TEMPO.CO, Jakarta - Menteri Pemberdayaan Perempuan dan Perlindungan Anak Yohana Yambise mengatakan, Presiden Joko Widodo atau Jokowi telah mengirimkan surat presiden kepada Dewan Perwakilan Rakyat (DPR) terkait persetujuan revisi Undang-Undang Nomor 1 tahun 1974 tentang Perkawinan pada Jumat pekan lalu. Dalam revisi ini, pemerintah berkukuh ingin batas usia perkawinan untuk wanita minimal 19 tahun.
"Karena pada dasarnya, bahwa dalam Undang-Undang Perlindungan Anak, anak itu usia 0 sampai 18 tahun," kata Yohana di kantornya, Jalan Medan Merdeka Barat, Jakarta, Senin, 9 September 2019.
Ketua Badan Legislasi (Baleg) Supratman Andi Agtas sebelumnya mengatakan, seluruh fraksi di DPR sepakat mengubah Pasal 7 Ayat (1) Undang-Undang Perkawinan dengan menaikkan batas usia perempuan yang diizinkan menikah menjadi 18 tahun.
Menurut Yohana, ia akan habis-habisan memperjuangkan batas usia 19 tahun untuk menikah ini saat pembahasan bersama DPR dimulai. Ia yakin bisa meloloskan klausul ini lantaran punya pengalaman menggolkan hukum kebiri bagi pelaku kejahatan seksual. "Saya akan bersikeras. Seperti dengan hukuman kebiri," ujarnya.
Ia berdalih kehamilan di usia anak sangat berbahaya bagi perempuan lantaran risiko kematian ibu dan anak yang meningkat. Komplikasi saat kehamilan dan melahirkan, kata dia, penyebab kematian kedua terbesar untuk anak perempuan.
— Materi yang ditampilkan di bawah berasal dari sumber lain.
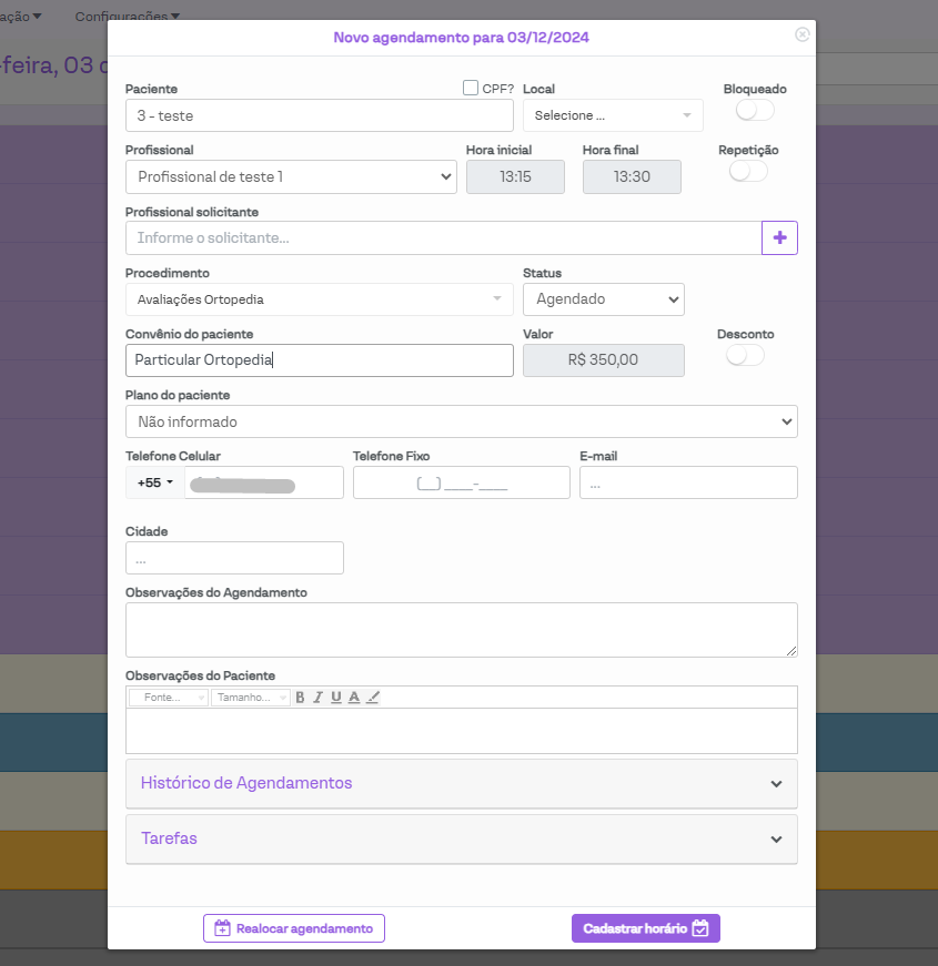 Ao clicar no horário, será aberta a janela de criação do agendamento, já com os dados que haviam sido preenchidos na lista de espera e basta seguir com a criação do agendamento como costume.

Yohana berujar data Badan Pusat Statistik pada 2017 menunjukkan 1 dari 4 anak perempuan sudah menikah, 23 provinsi memiliki angka perkawinan anak di atas 25 persen, dan setiap tahunnya sekitar 340 ribu anak perempuan menikah. Menurut dia, kondisi ini mengkhawatirkan lantaran anak-anak yang menikah itu kehilangan hak-haknya.
"Ini sudah menunjukkan bahwa negara ini mengarah ke darurat perkawinan anak," ucapnya.